Zelenectide pevedotin (BT8009), a novel Nectin-4-targeted bicycle drug conjugate, demonstrated a well-tolerated safety profile and promising antitumor activity in patients with advanced solid tumors, according to findings from the monotherapy dose-escalation portion of the Duravelo-1 phase 1/2 clinical trial.
The study enrolled 49 patients with advanced solid tumors, primarily urothelial carcinoma. All patients experienced at least one adverse event, with 94% experiencing treatment-related adverse events. The most common treatment-related adverse events of any grade were nausea (49%), fatigue (39%), diarrhea (29%), and decreased appetite (29%).
Safety Profile Shows Manageable Toxicity
Grade ≥3 adverse events occurred in 39% of patients, with neutropenia being the most common at 16%. Adverse events led to dose modifications in 63% of patients, primarily consisting of interruptions rather than reductions. Only 2 patients (4%) discontinued treatment due to adverse events—idiopathic intracranial hypertension and sepsis. Notably, no fatal (grade 5) adverse events were reported.
Encouraging Efficacy Results in Heavily Pretreated Population
Zelenectide pevedotin demonstrated promising preliminary antitumor activity in a heavily pretreated population. In the efficacy-evaluable patient population (n=42), the overall objective response rate was 24% with a clinical benefit rate of 48%. The median duration of response was 11.1 months.
Efficacy was particularly notable in patients with urothelial carcinoma (n=21), who achieved an overall response rate of 38% and a clinical benefit rate of 57%. These patients had a median progression-free survival of 7.4 months, compared with 3.6 months in the overall efficacy-evaluable population. The median duration of response in urothelial carcinoma patients was 13.1 months.
Nectin-4 Expression and Response Relationship
The relationship between Nectin-4 expression levels and response was not straightforward. Among patients with urothelial carcinoma, the overall response rate was 38% for those with medium-high expression and 33% for those with low/negative expression, suggesting the relationship requires further evaluation in larger cohorts.
Unique Pharmacokinetic Profile
The pharmacokinetics profile supports zelenectide pevedotin's safety observations. The drug exhibited a very short half-life (0.42–0.91 hours) resulting in extensive elimination within hours of administration. Time to maximum effect occurred at approximately 2-3 hours post-infusion, with a half-life of 37-50 hours. There was limited or no accumulation of monomethyl auristatin E (MMAE) in the plasma with repeat dosing.
Study Design and Patient Characteristics
The Duravelo-1 study is a phase 1/2 open-label, multicenter trial evaluating the safety and tolerability of zelenectide pevedotin and determining the maximum tolerated dose and/or phase 2 dose(s). Patients received intravenous infusions across several dosing schedules, including once weekly, once every 2 weeks, and on days 1 and 8 of treatment cycles.
Two recommended phase 2 doses were identified: 5.0 mg/m² once weekly and 7.5 mg/m² on days 1 and 8 of a 21-day cycle.
The median age of all patients was 66 years (range, 35–83), with urothelial carcinoma patients having a median age of 68 years (range, 47–81). The median prior lines of therapy was 3 in both the total patient population and patients with urothelial carcinoma.

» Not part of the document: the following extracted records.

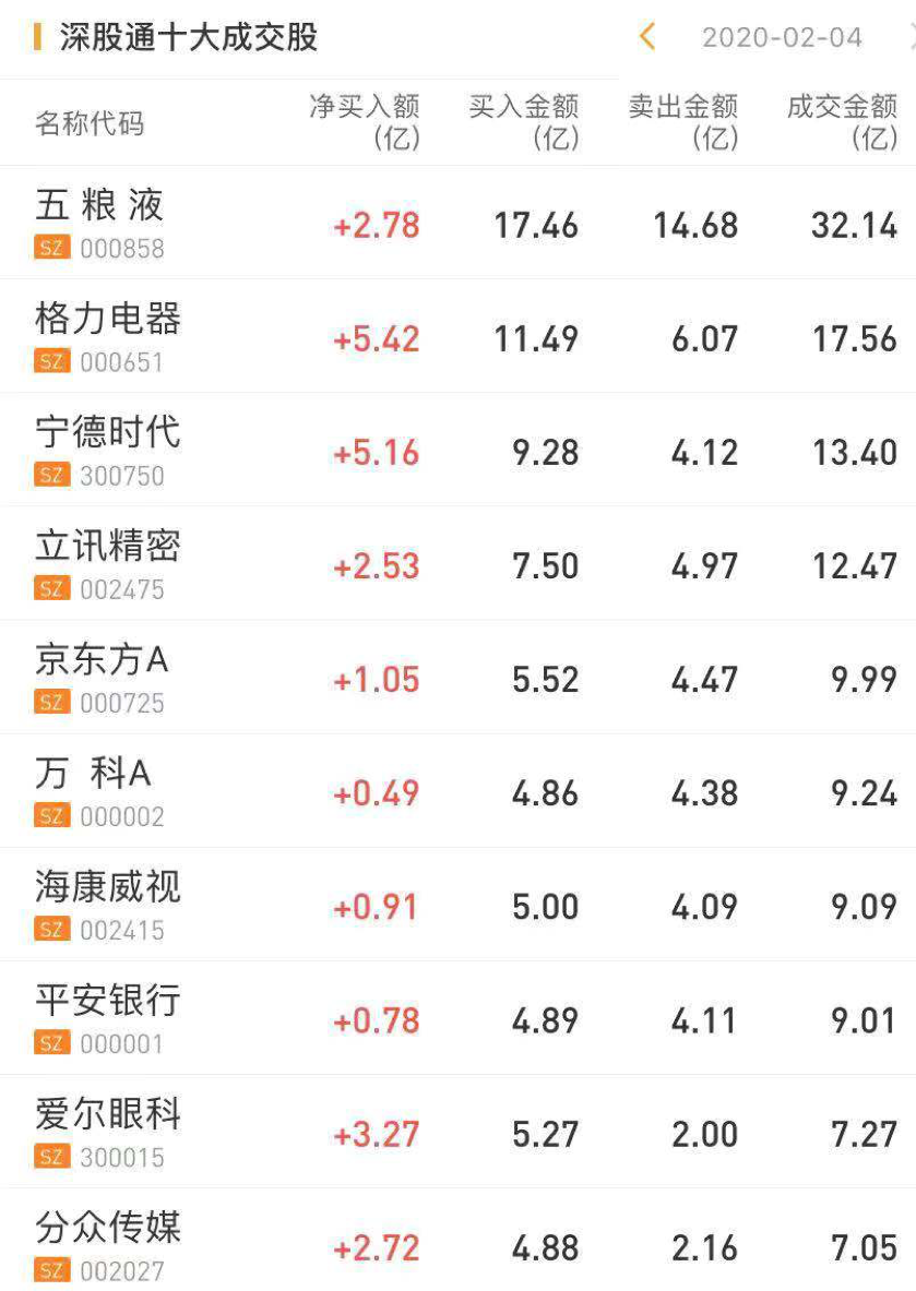 深股通净买入宁德时代5.16亿元,净买入五粮液2.78亿元,净买入格力电器5.42亿元。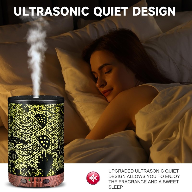 - Whisper Quiet Ultrasonic Technology: Utilizing advanced ultrasonic technology, our aroma diffuser operates quietly without disturbing noise, making it perfect for use while sleeping or working. It fills the room with a lovely fragrance that uplifts spirits and relieves stress from a tiring day.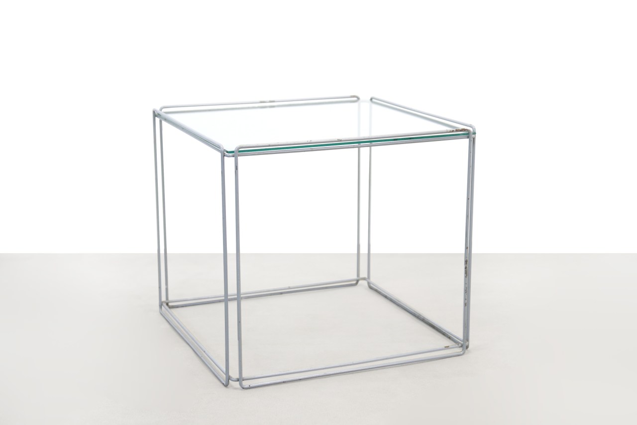 Omschrijving: Mooie bijzettafel ontworpen door Max Sauze en gemaakt van grijs draadstaal en een glazen blad. Het glazen blad ligt los op het frame wat de lijnen strak en simpel houdt. Vooral het kubistische lijnenspel is echt prachtig aan deze tafel. Prachtig multifunctioneel bijzettafeltje van 45 bij 45 cm en 40 cm hoog.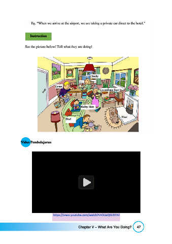 Eg. “When we arrive at the airport, we are taking a private car direct to the hotel.” Instruction ! See the picture below! Tell what they are doing! Video Pembelajaran https://www.youtube.com/watch?v=OLieQ0U3TA4 Chapter V – What Are You Doing? 47

All patients with urothelial carcinoma had previously received both platinum-based therapy and a checkpoint inhibitor, though none had prior treatment with enfortumab vedotin.
Mechanism of Action and Future Directions
Zelenectide pevedotin binds to Nectin-4-expressing tumor cells, leading to the release of MMAE into the tumor microenvironment. A key feature is that this process does not necessarily require internalization into the cancer cell, which may prevent the development of certain resistance pathways.

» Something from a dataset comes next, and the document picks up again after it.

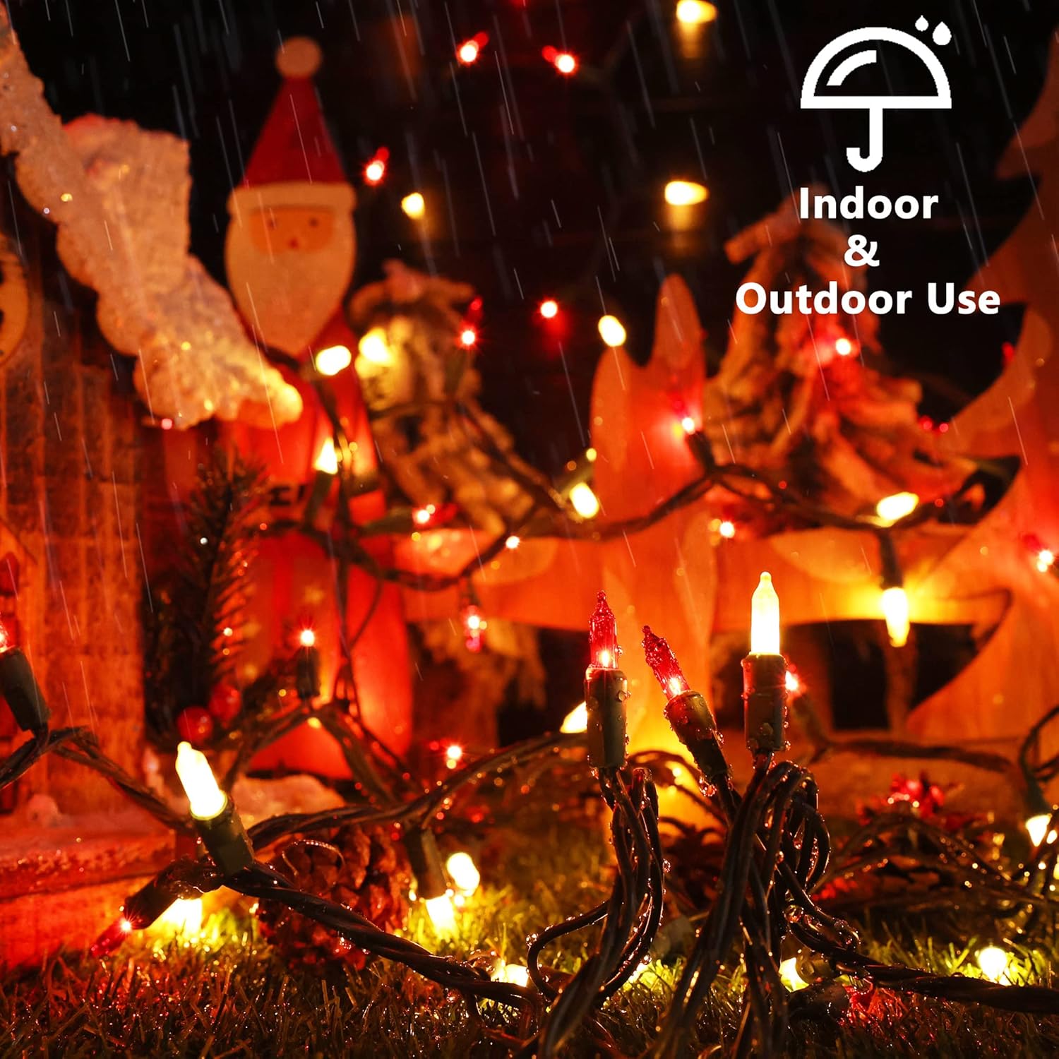 • 300 Red White String Lights: Old-fashion Red & White bulbs Christmas lights set, creates a cosy festive atmosphere, surely lights up your living/dorm room and house, welcome sign at night and let your home become a fantastic sight to behold in your neighborhood!

"Zelenectide pevedotin represents a promising treatment option in the therapeutic pathway for this patient population and a potentially well-suited partner for combination therapies in earlier lines of treatment," concluded the study authors. "The results presented herein are promising but must be validated in future planned prospective studies."
A new phase 2/3 randomized study is now enrolling patients to assess zelenectide pevedotin as both a monotherapy and in combination with pembrolizumab versus chemotherapy in patients with locally advanced/metastatic urothelial carcinoma.